### Work instruction
Once you find the line with "Caietul Pigna pentru" in the data below, transcribe exactly each line from there to the line with "Konstrukcja przejezdna do", inclusive, and nothing else. Drop the pictures.

---- Data for the task

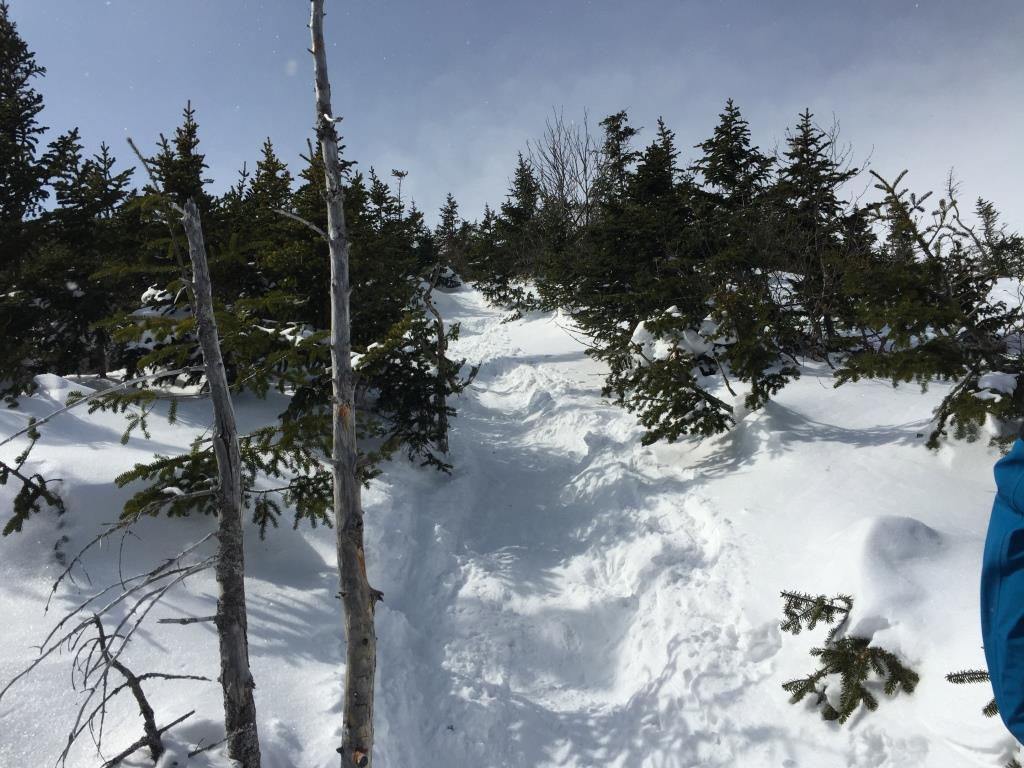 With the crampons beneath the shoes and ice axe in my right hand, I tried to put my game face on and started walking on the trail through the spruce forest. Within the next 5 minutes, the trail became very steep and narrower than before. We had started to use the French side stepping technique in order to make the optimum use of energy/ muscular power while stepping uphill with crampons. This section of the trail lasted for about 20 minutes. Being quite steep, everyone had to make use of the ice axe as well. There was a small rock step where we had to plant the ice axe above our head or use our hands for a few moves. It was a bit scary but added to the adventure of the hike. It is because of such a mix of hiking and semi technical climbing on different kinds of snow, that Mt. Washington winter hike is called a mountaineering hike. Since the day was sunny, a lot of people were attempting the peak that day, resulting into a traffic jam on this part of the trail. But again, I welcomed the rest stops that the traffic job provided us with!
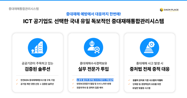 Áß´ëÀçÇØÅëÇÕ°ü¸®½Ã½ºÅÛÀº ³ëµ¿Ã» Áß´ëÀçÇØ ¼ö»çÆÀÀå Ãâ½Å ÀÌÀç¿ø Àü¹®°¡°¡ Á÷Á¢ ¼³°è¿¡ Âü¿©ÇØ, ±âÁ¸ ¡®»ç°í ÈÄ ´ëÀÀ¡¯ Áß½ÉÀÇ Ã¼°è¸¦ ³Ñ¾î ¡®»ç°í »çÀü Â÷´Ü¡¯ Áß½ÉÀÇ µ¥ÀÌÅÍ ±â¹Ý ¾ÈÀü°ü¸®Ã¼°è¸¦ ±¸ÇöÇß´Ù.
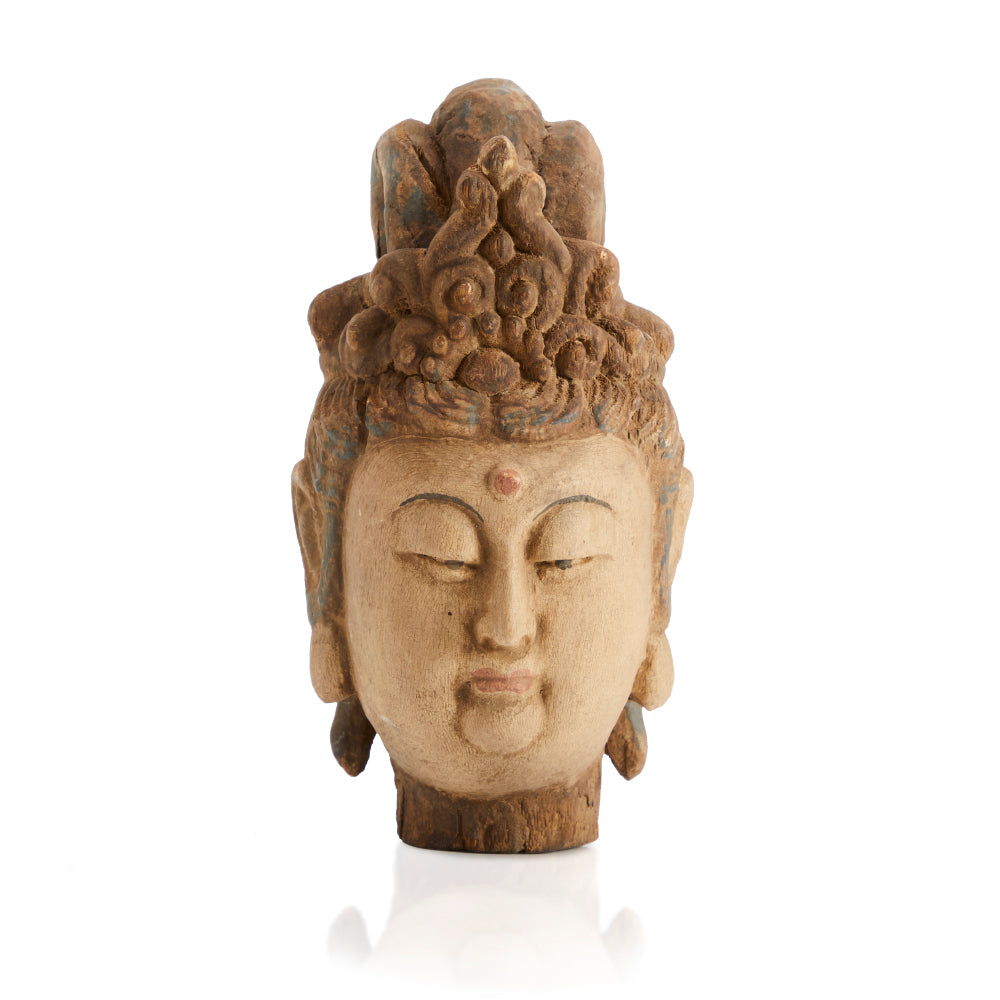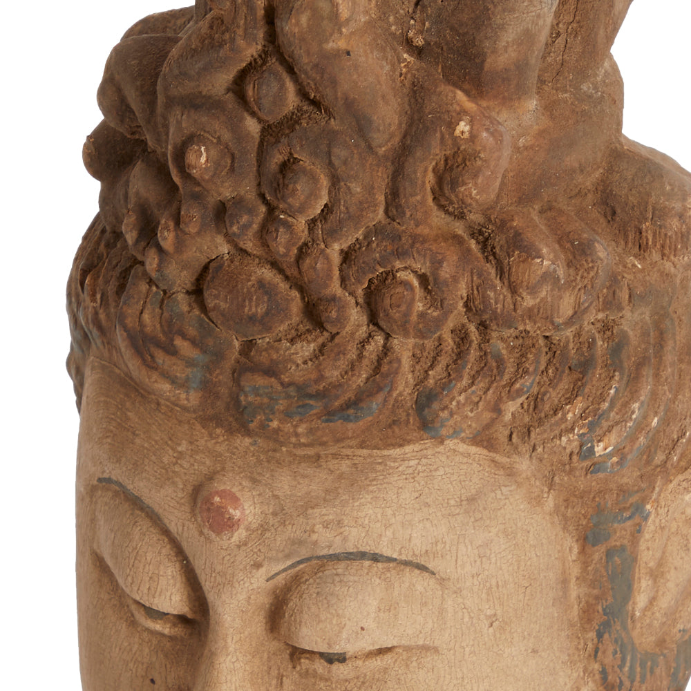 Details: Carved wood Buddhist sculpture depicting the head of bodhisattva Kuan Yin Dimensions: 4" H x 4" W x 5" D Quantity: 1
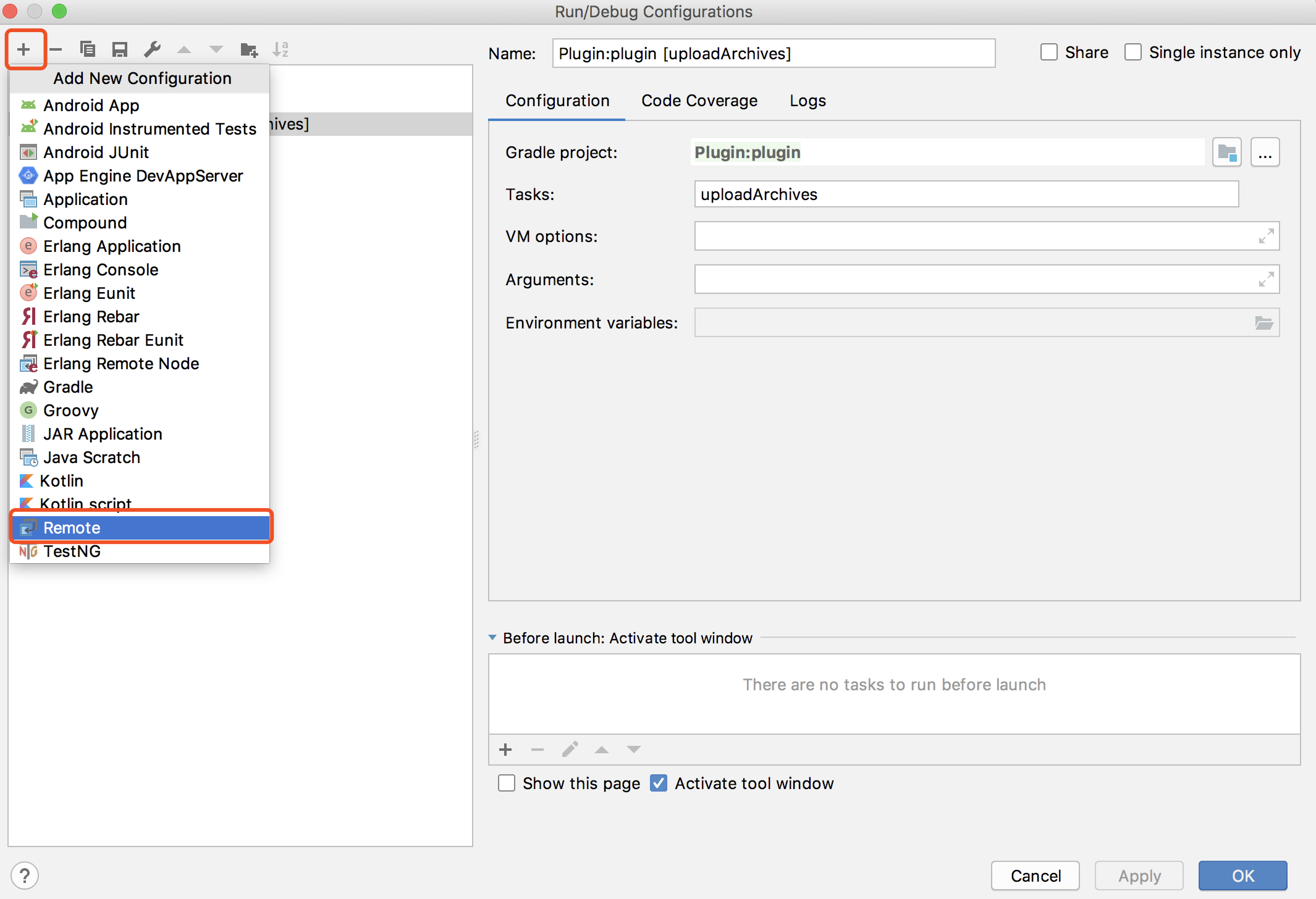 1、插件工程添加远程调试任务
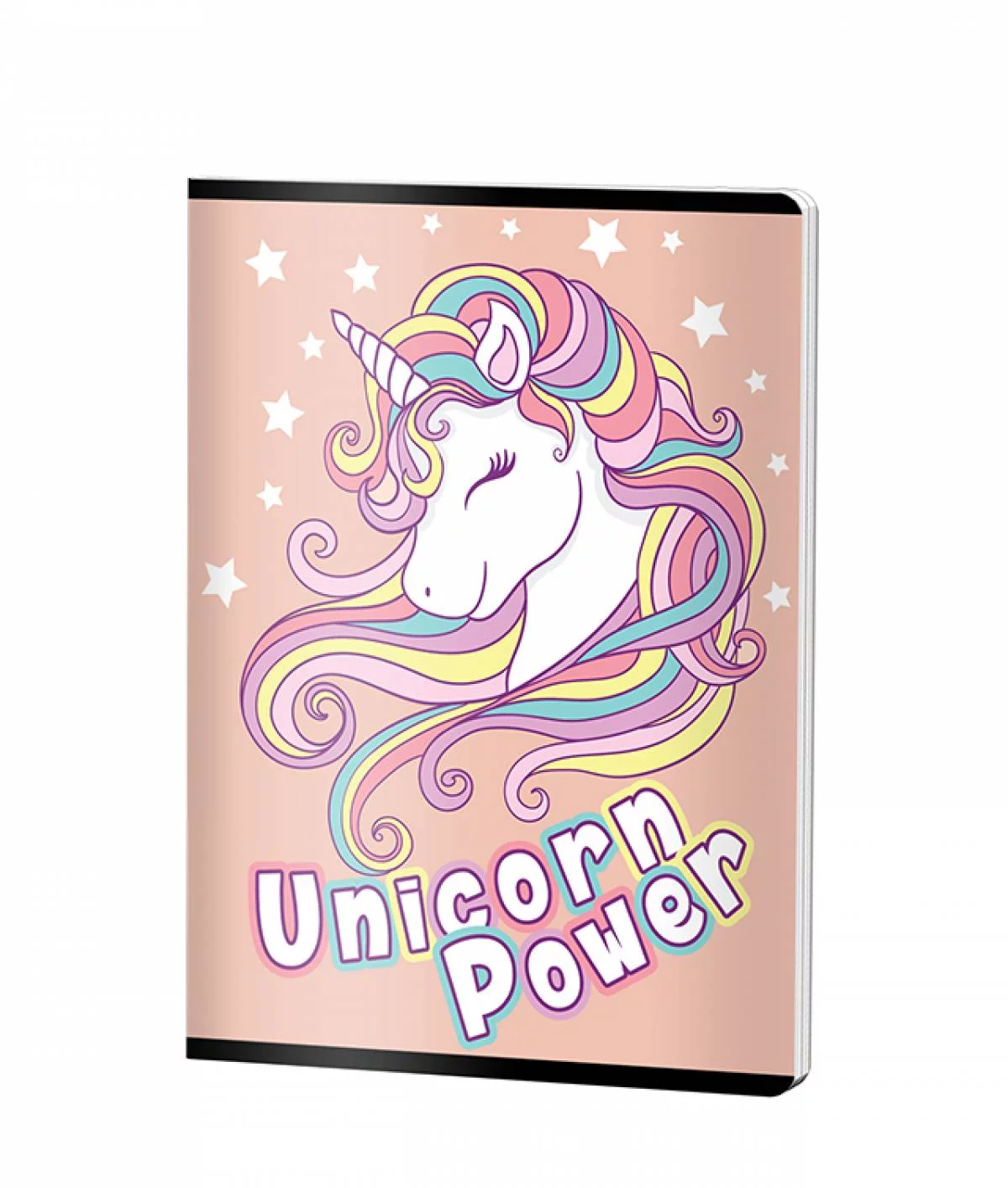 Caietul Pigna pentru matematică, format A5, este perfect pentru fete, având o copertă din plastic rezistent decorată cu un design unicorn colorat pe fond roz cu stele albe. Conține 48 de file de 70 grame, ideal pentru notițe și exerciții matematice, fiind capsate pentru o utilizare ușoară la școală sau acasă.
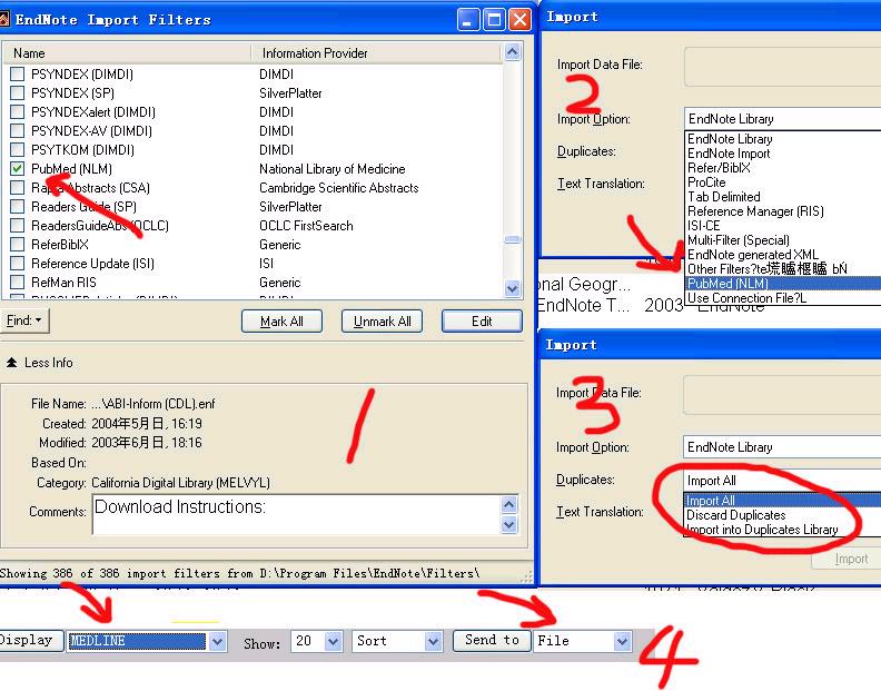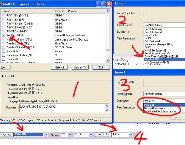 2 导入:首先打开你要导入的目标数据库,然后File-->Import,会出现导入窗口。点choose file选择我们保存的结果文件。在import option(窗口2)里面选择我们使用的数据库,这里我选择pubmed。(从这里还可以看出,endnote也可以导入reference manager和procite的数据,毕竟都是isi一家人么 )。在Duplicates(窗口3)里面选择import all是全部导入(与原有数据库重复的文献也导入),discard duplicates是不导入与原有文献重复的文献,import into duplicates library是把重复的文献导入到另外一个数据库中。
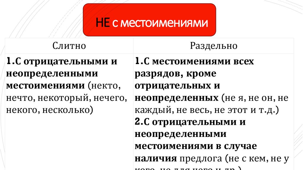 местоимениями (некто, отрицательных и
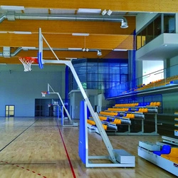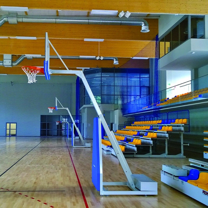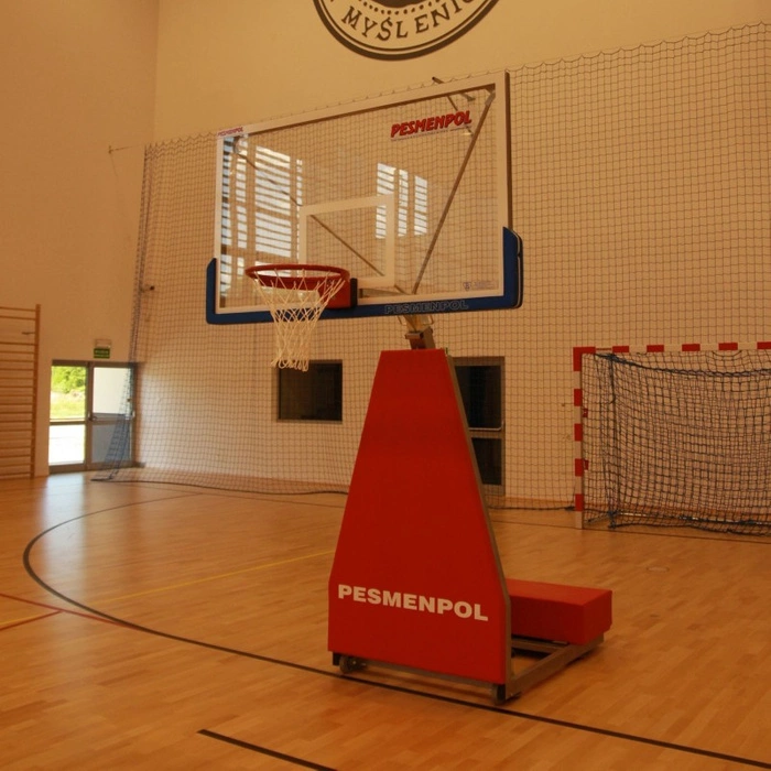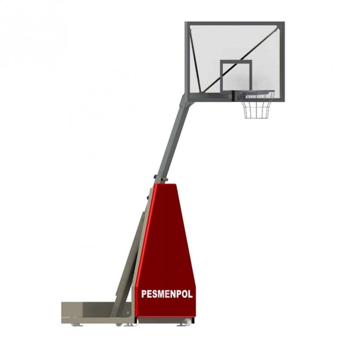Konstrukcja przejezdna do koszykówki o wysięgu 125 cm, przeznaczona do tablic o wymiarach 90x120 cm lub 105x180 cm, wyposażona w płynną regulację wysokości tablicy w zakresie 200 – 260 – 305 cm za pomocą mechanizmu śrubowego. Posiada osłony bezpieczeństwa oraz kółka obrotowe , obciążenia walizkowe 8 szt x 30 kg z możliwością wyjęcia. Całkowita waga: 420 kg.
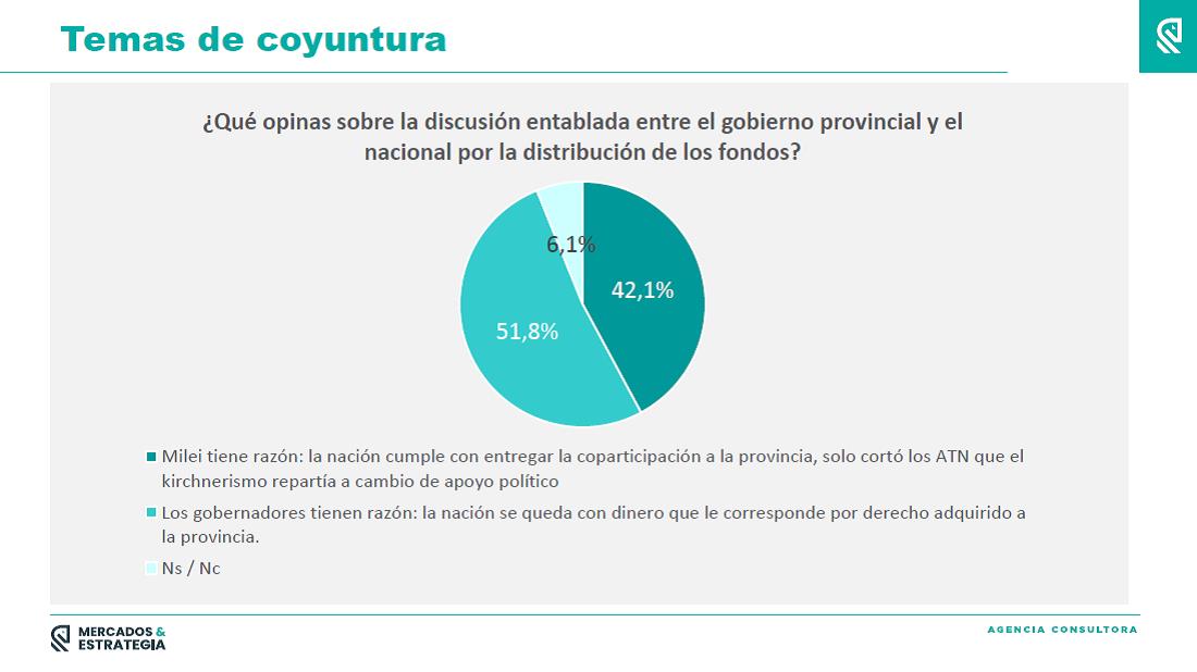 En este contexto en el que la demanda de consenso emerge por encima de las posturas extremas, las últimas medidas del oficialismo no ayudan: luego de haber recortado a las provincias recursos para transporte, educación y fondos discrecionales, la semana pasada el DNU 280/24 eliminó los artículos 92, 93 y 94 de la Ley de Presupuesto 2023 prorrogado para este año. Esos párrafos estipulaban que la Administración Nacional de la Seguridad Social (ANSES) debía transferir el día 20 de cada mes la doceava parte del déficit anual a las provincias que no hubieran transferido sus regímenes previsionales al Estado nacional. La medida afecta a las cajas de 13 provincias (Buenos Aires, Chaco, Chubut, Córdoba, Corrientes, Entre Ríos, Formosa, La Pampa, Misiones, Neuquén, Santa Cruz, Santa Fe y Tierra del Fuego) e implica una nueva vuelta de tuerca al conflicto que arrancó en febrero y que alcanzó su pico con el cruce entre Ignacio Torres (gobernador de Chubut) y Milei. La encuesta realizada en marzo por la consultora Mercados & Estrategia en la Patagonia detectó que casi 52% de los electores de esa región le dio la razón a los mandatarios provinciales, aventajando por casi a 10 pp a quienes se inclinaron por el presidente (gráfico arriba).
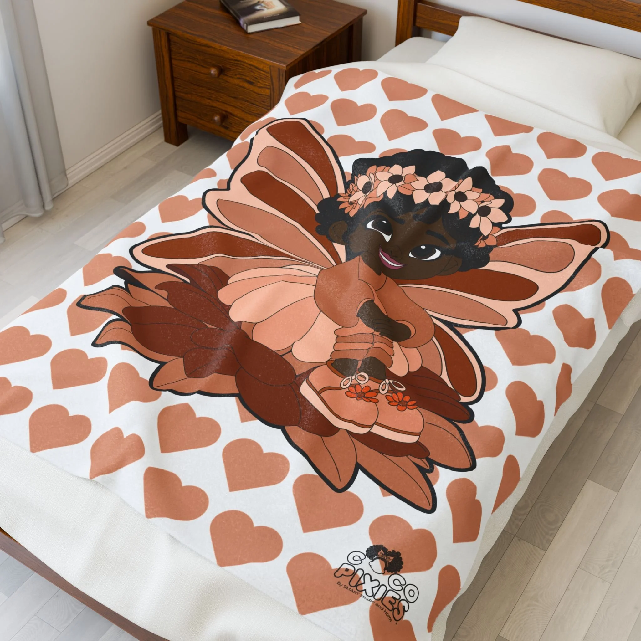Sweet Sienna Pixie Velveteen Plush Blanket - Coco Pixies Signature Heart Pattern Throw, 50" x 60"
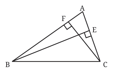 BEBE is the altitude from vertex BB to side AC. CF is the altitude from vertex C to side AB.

--------

### Answer space
 Caietul Pigna pentru matematică, format A5, este perfect pentru fete, având o copertă din plastic rezistent decorată cu un design unicorn colorat pe fond roz cu stele albe. Conține 48 de file de 70 grame, ideal pentru notițe și exerciții matematice, fiind capsate pentru o utilizare ușoară la școală sau acasă.
 2 导入:首先打开你要导入的目标数据库,然后File-->Import,会出现导入窗口。点choose file选择我们保存的结果文件。在import option(窗口2)里面选择我们使用的数据库,这里我选择pubmed。(从这里还可以看出,endnote也可以导入reference manager和procite的数据,毕竟都是isi一家人么 )。在Duplicates(窗口3)里面选择import all是全部导入(与原有数据库重复的文献也导入),discard duplicates是不导入与原有文献重复的文献,import into duplicates library是把重复的文献导入到另外一个数据库中。
 местоимениями (некто, отрицательных и
Konstrukcja przejezdna do koszykówki o wysięgu 125 cm, przeznaczona do tablic o wymiarach 90x120 cm lub 105x180 cm, wyposażona w płynną regulację wysokości tablicy w zakresie 200 – 260 – 305 cm za pomocą mechanizmu śrubowego. Posiada osłony bezpieczeństwa oraz kółka obrotowe , obciążenia walizkowe 8 szt x 30 kg z możliwością wyjęcia. Całkowita waga: 420 kg.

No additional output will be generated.